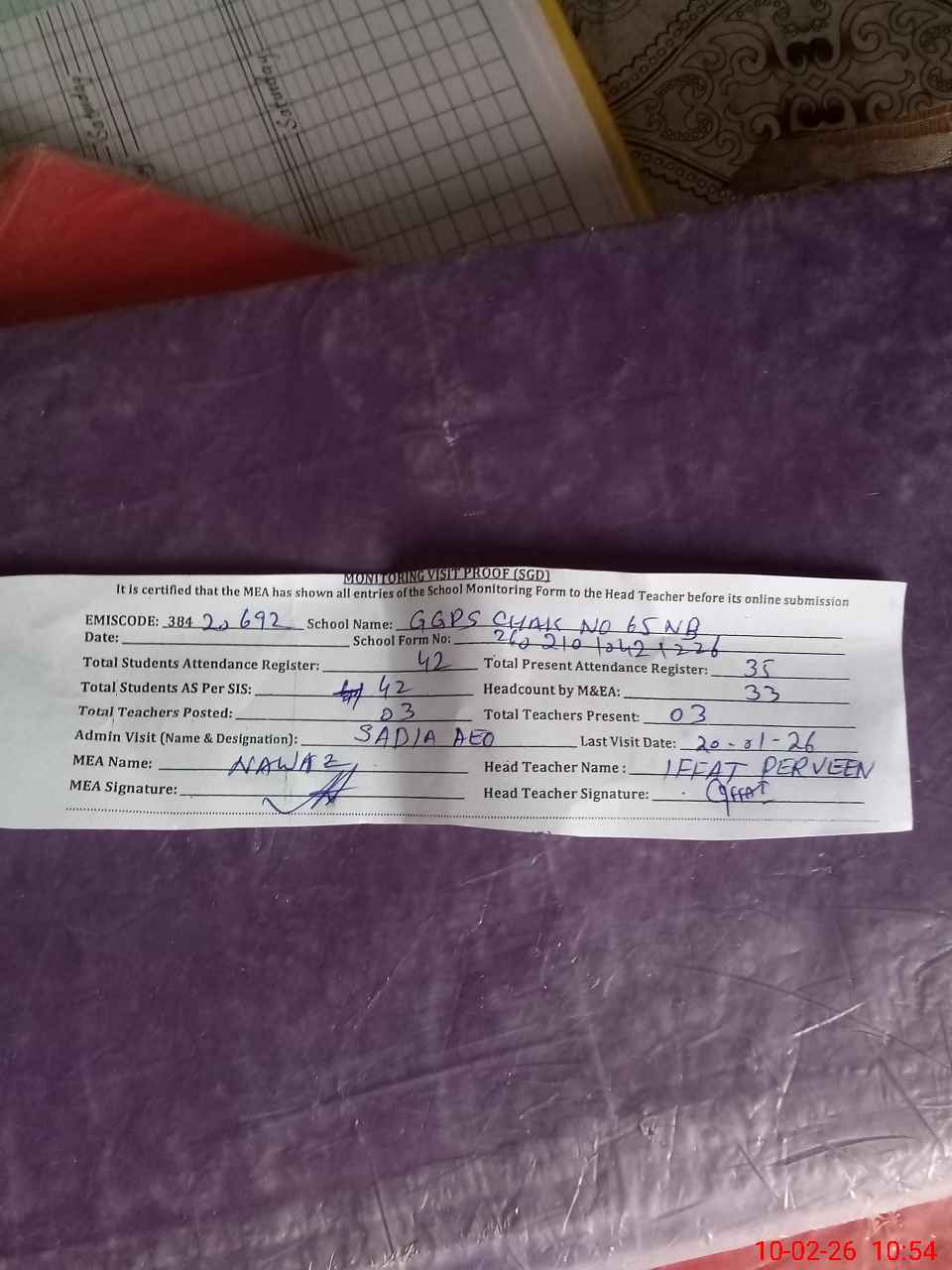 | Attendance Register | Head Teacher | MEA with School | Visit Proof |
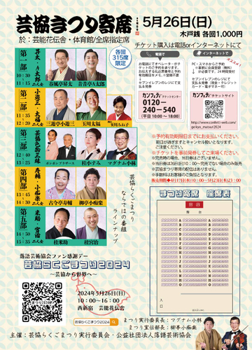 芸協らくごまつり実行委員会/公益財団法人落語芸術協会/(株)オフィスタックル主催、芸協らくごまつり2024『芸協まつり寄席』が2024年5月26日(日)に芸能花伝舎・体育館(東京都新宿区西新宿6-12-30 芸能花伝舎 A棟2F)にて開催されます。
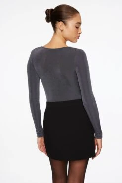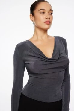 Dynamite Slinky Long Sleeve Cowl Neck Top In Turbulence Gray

#### [REQUIRED ACTION]
Omit the pictures, then print the rest of the listing above exactly.

#### [TASK RESULT]
 | Attendance Register | Head Teacher | MEA with School | Visit Proof |
 芸協らくごまつり実行委員会/公益財団法人落語芸術協会/(株)オフィスタックル主催、芸協らくごまつり2024『芸協まつり寄席』が2024年5月26日(日)に芸能花伝舎・体育館(東京都新宿区西新宿6-12-30 芸能花伝舎 A棟2F)にて開催されます。
 Dynamite Slinky Long Sleeve Cowl Neck Top In Turbulence Gray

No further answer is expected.